7. Jazmine SullivanReality Show

When an R&B album takes the title Reality Show it’s easy to mistake it for the singer’s reality and overlook how good she is at writing characters, and singing their voices. There’s as much conceptual ambition here as there is in any of the other albums of the moment: Sullivan’s women speak about their lives with a lack of artifice while she remains artful, letting unspoken things reside in the beats and underneath the words. Inefficient elaboration of a theme is the lyrical strategy, resulting in a riper specificity than economy would allow. I love, on “Mascara,” how many words, how many tones and conversational detours, it takes for Sullivan to say the opposite of “I woke up like this,” and how the music stretches out comfortably to accommodate her.


8. Courtney BarnettSometimes I Sit and Think, and Sometimes I Just Sit

Sometimes the music itches and rambles in a stock sort of way—but no matter, that’s when Barnett’s a great MC in such full command of her voice that the beat is immaterial—and sometimes it really itches.
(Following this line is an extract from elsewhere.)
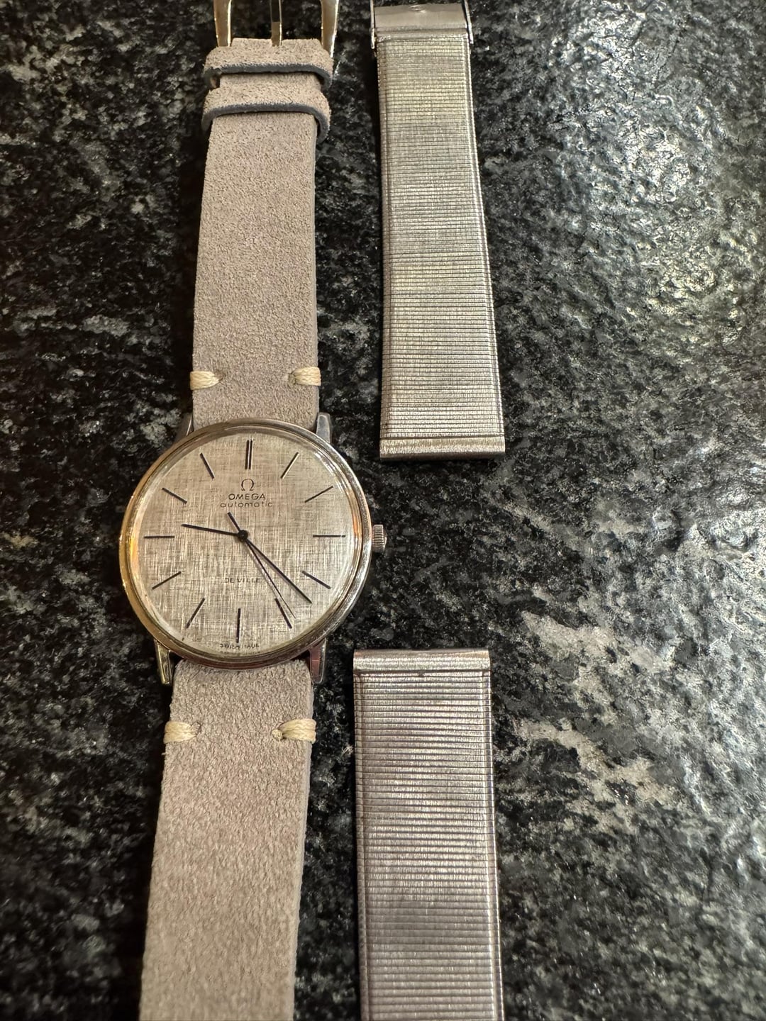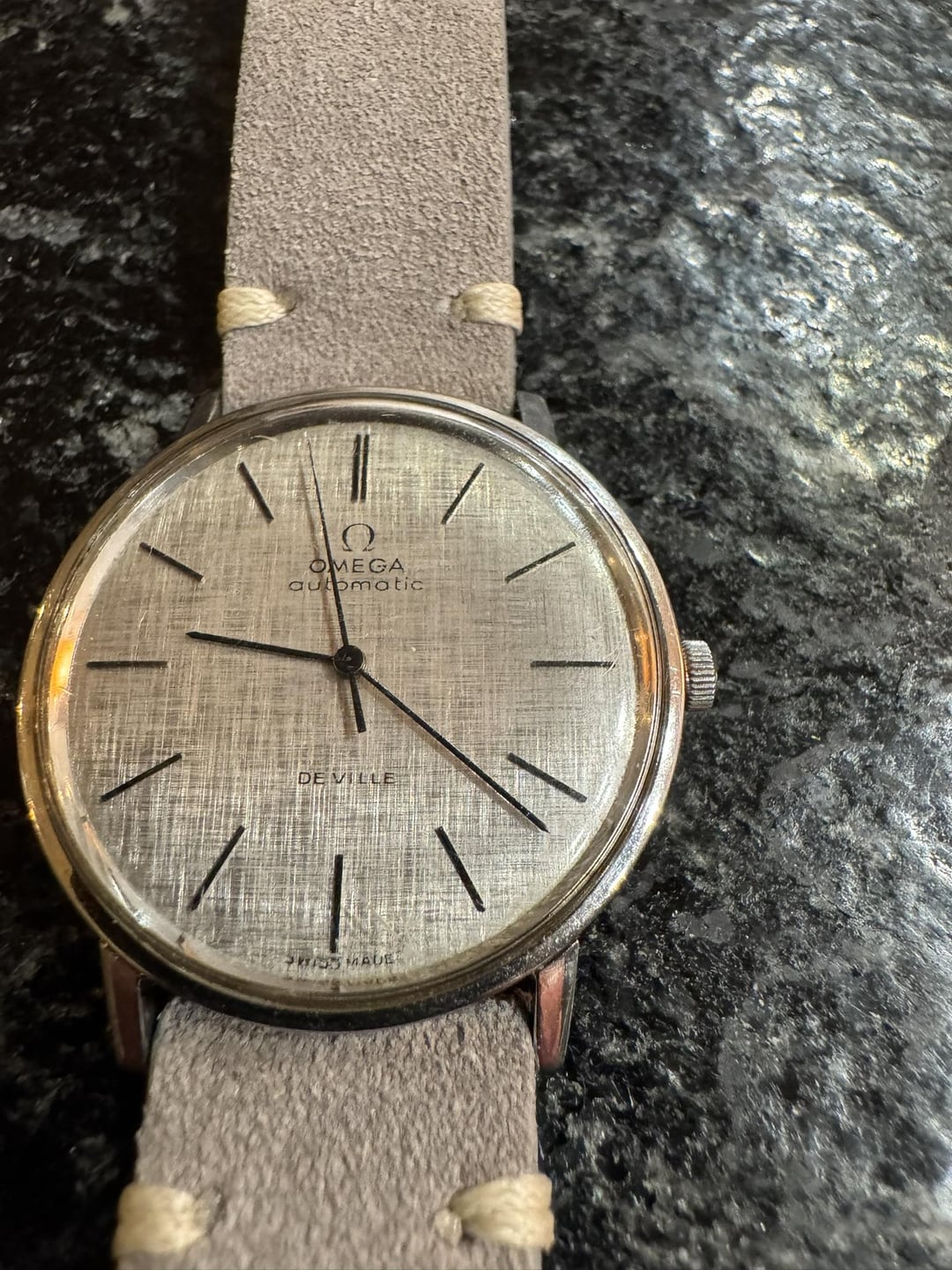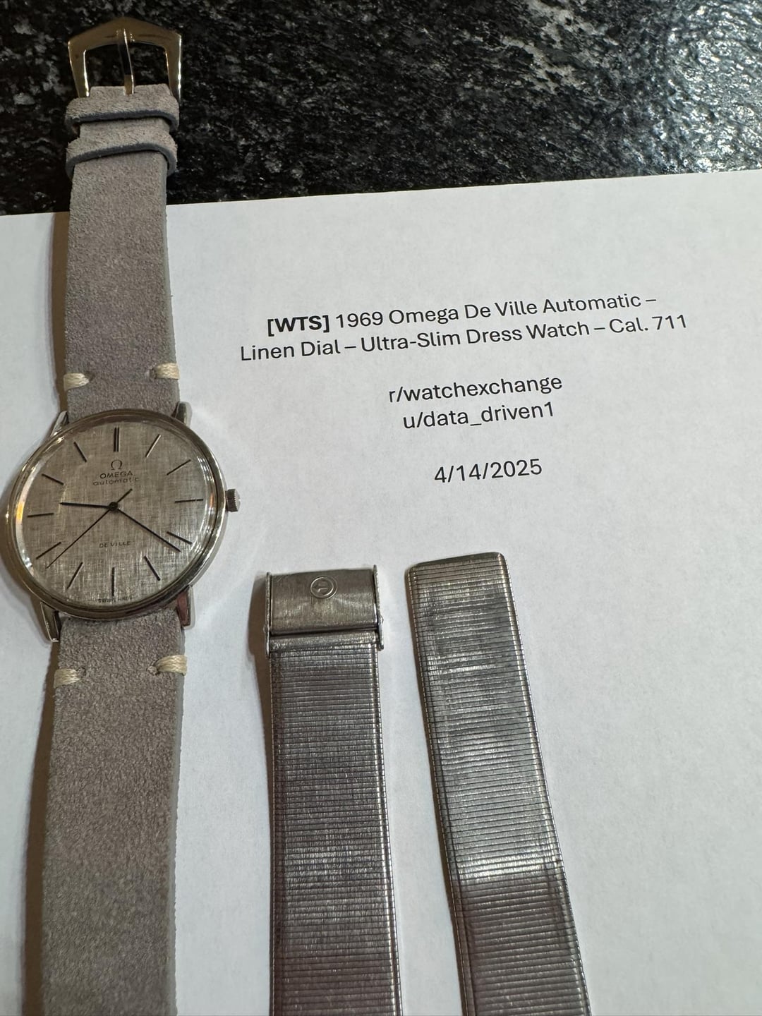 Happy Monday r/watchexchange! Up for sale is a beautiful vintage **Omega De Ville Automatic**, featuring a rare **silver linen-textured dial** and ultra-thin profile. The dial is original and gorgeous in the light — a fine example of Omega’s 60s–70s dress watch craftsmanship. I bought this recently on watchex. LOVE the watch, but realized when I got it that it is really close in appearance to another vintage Omega I have (1971 silver-dial Seamaster). I am trying to be measured about the number of watches in my collection – so having two vintage Omega’s that close in appearance convinced me to let one go. Feel free to DM with any questions! **Details**: * **Model**: Omega De Ville Automatic * **Movement**: Cal. 711 ultra-thin automatic (runs well) * **Case**: Stainless steel, approx. 34mm * **Dial**: Silver linen texture, applied markers * **Crystal**: Acrylic, clean * **Strap** x2: Vintage stainless mesh bracelet (likely aftermarket but suits the style) + Grey Suede strap I added from Milano Straps * **Condition**: Very good vintage condition. Dial and hands are clean, case has light wear. Keeps time reliably. No quickset date. * **Includes**: Watch head and two straps - no box/papers **Price:** $600 shipped (USA) **Payment:** PayPal F&F or Zelle **Shipping:** USPS Priority – CONUS only

That’s when she’s finally exhausted every possibility as a storyteller and hit a lyrical dead-end, a line that can’t be followed with a mere detail, so she turns to her guitar. On “Small Poppies,” it’s “I used to hate myself but now I think I’m alright,” cue the solo, and on “Kim’s Caravan,” it’s “so take what you want from me,” floating on noise.
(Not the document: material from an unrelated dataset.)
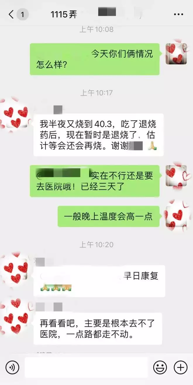 虹桥居民区党总支书记裔斐告诉记者,“我们的网格员每天都会在微信群中跟踪、关心楼栋内居民的身体状况,实时更新《居家治疗阳性人员名单》并上报给街道防疫办。一方面能让居委会干部及时听到感染居民的困难和需求,进行应急解答和指导;另一方面掌握独居、孤寡、大病等重点人群的感染情况,发动居民区党建合力,每天上门或通过微信、电话进行重点关心关爱。”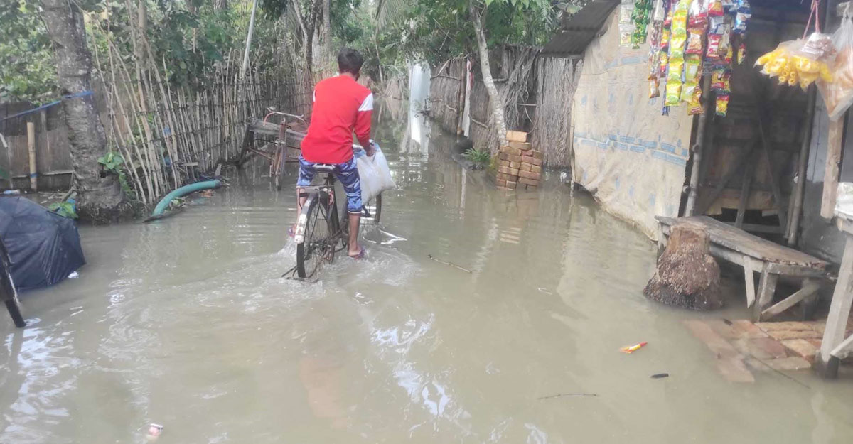 খুরশিদ বেগম নামের অপর এক নারী বলেন, স্বামী নেই, নিজে দিনমজুরের কাজ করে খাই। এমনি সময় আয় না থাকলে খাওয়া বন্ধ থাকে। আজকে উপজেলা প্রশাসন থেকে চাল-ডাল দেওয়া হলেও খাওয়া বন্ধ। রান্নার উপায় নেই। রান্নাঘর, শোবার ঘরে পানি উঠেছে। কোনো রকম শুকনো মুড়ি খেয়ে আছি।

9. Tom BrosseauPerfect Abandon

With titles like Grass Punks, “Cradle Your Device,” and this new album’s “My Sweetest Friend,” I fancied him gay, but it turns out the punks in question aren’t radical faeries, the device in question isn’t flesh, and “friend” isn’t a coded word as often as I imagine it to be. And yet I selflessly allowed love to blossom just as my first impressions were being dashed, and now consider Brosseau a world-class charmer, a sort of living antique, the kind of guy who can open an album with spoken word that very slowly edges into song and still hold the uninitiated rapt. That opening tale, “Hard Luck Boy,” tells of a boy stashed inside a clothing rack at the department store, watching the legs of the women as they take the dresses, and it’s hard to figure out what’s hard luck about it until Brosseau finally begins to sing, and signals why he earlier delivered the line “I watched her walk away” with such significance. His storytelling extends well beyond his words, to the method of their delivery. It’s a smart way to begin the album, guiding the listener through the complexity of his folk music before the other nine beautiful songs have unfurled.
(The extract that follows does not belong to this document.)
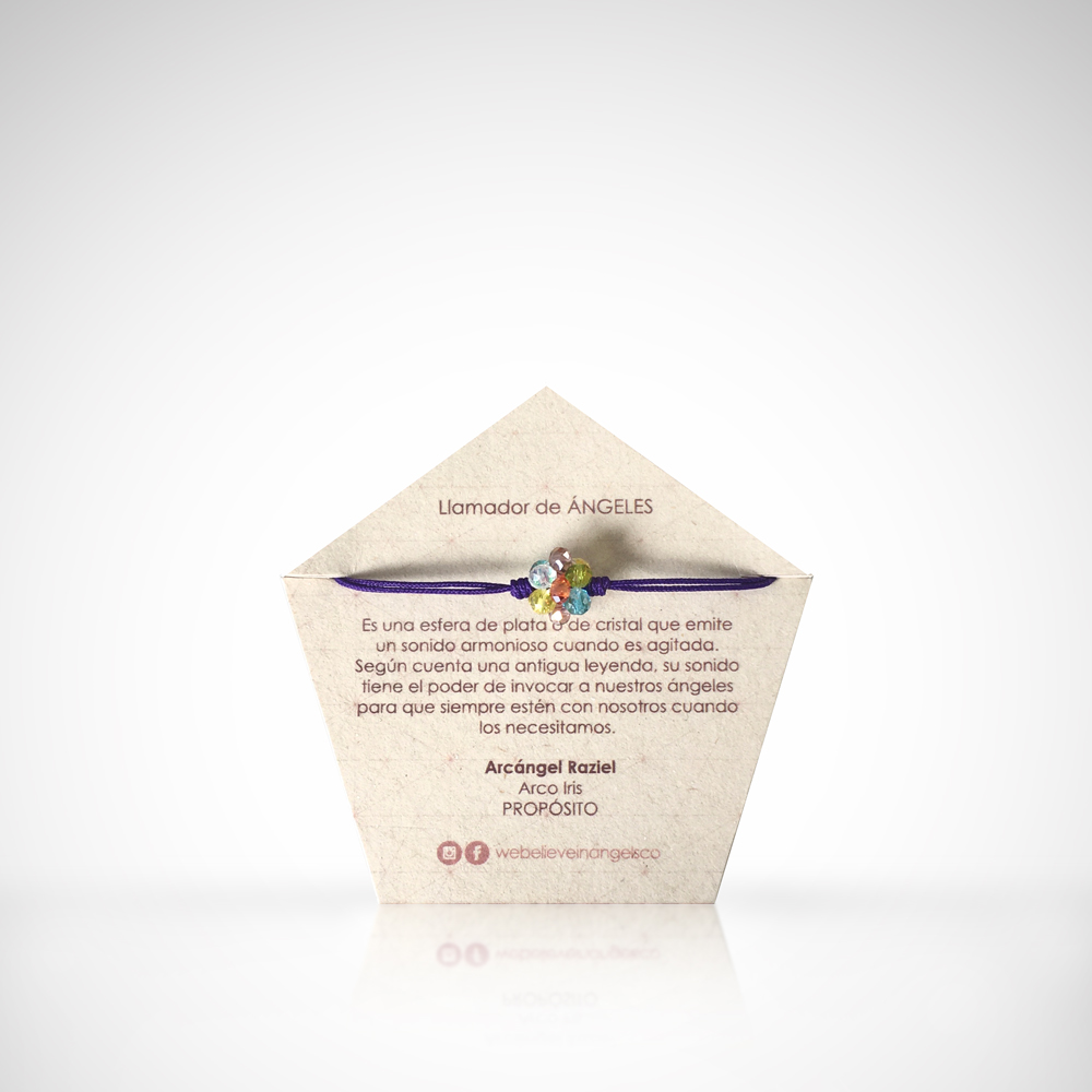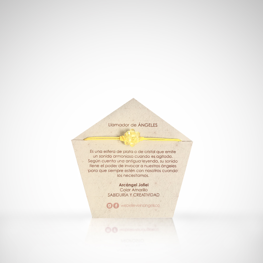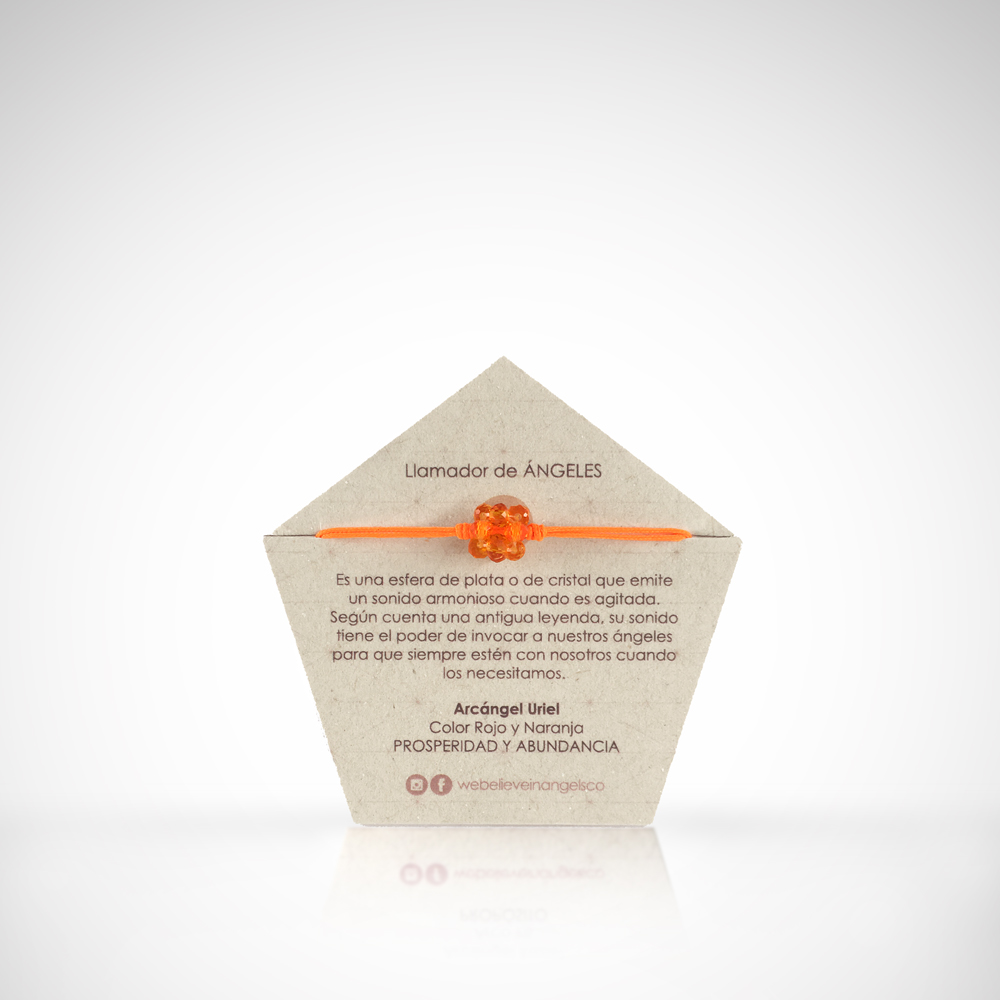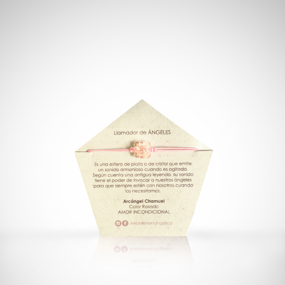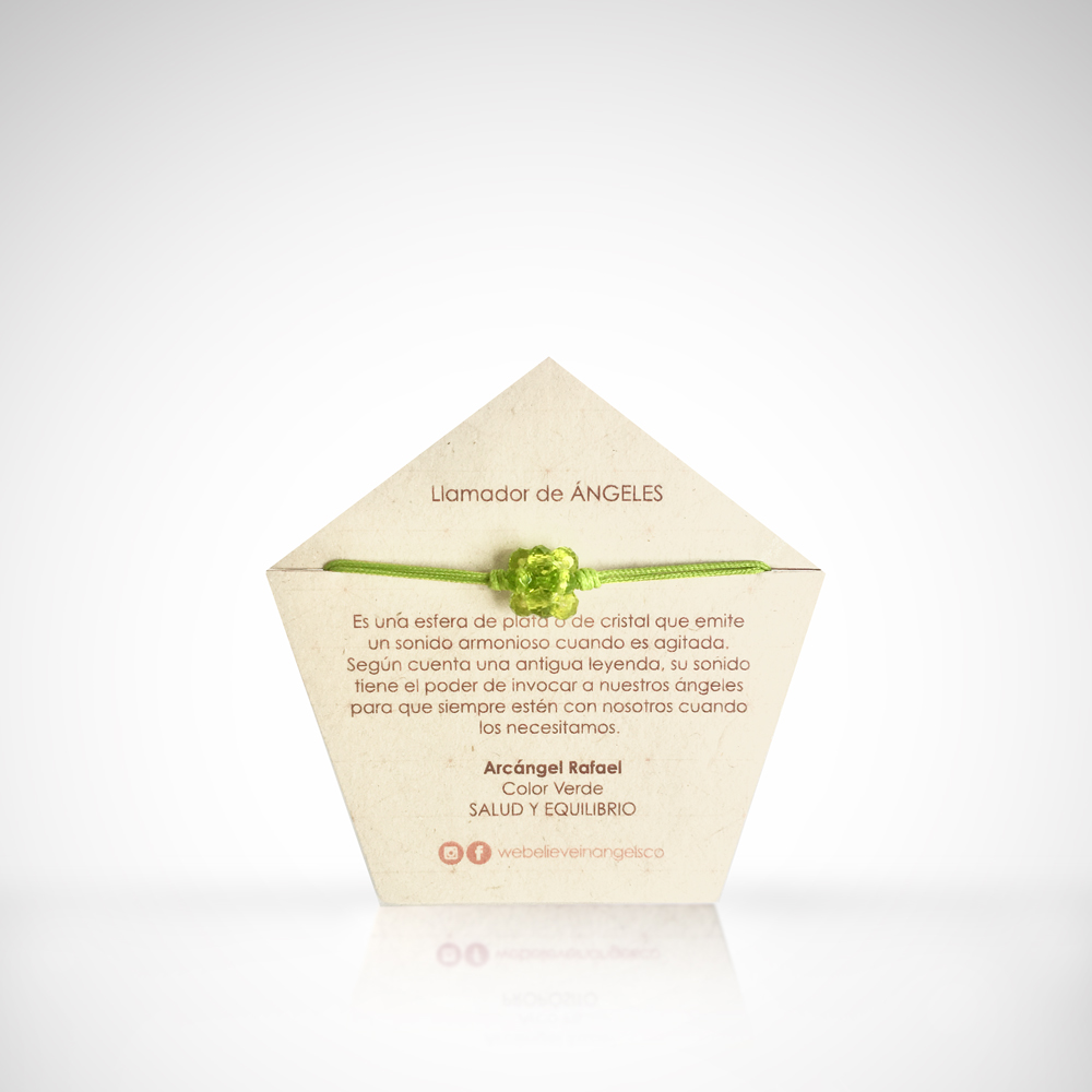 Manilla con hexaedro tejido a mano en rondelas de cristal y llamador de ángeles de acero. La manilla es en hilo y es ajustable a varios tamaños.

10. The DecemberistsWhat A Terrible World, What A Beautiful World

Diagnosing our world while looking for signs of the one today’s children will end up living in, The Decemberists create a fatherhood album to complement Warp & Weft, comrade Laura Veirs’ classic of dawning motherhood, and it’s comparatively meager in all the ways that fatherhood is trumped by motherhood as a subject. Colin Meloy, father of two, can’t quite sustain the same great tremor that winds its way through Veirs’ recent work, but as she peered into the American wild with quiet alarm, so he considers gun violence and the water supply. Even the oral sex wishes of “Philomena” are so marked, the narrator ever so slightly embarrassed to still be lusting, long after the supposed fruition of his sexual impulse. Meloy’s fatherhood has clearly altered the energy of his band, and I don’t expect to be speaking of The Decemberists in terms of R.E.M. ever again, but I also don’t assume they’ve settled. What A Terrible World, for all its detours, has a clear thematic design that the next album likely won’t have to carry. The closing song, helpfully titled “A Beginning Song,” buzzes with a nascent excitement that’s elusive throughout the rest of the album, and when Meloy implores us or himself to “document the world inside your skin,” it’s as if he’s setting a new course, reclaiming his blood from the blood of his blood, sending forth himself and his children on individual journeys.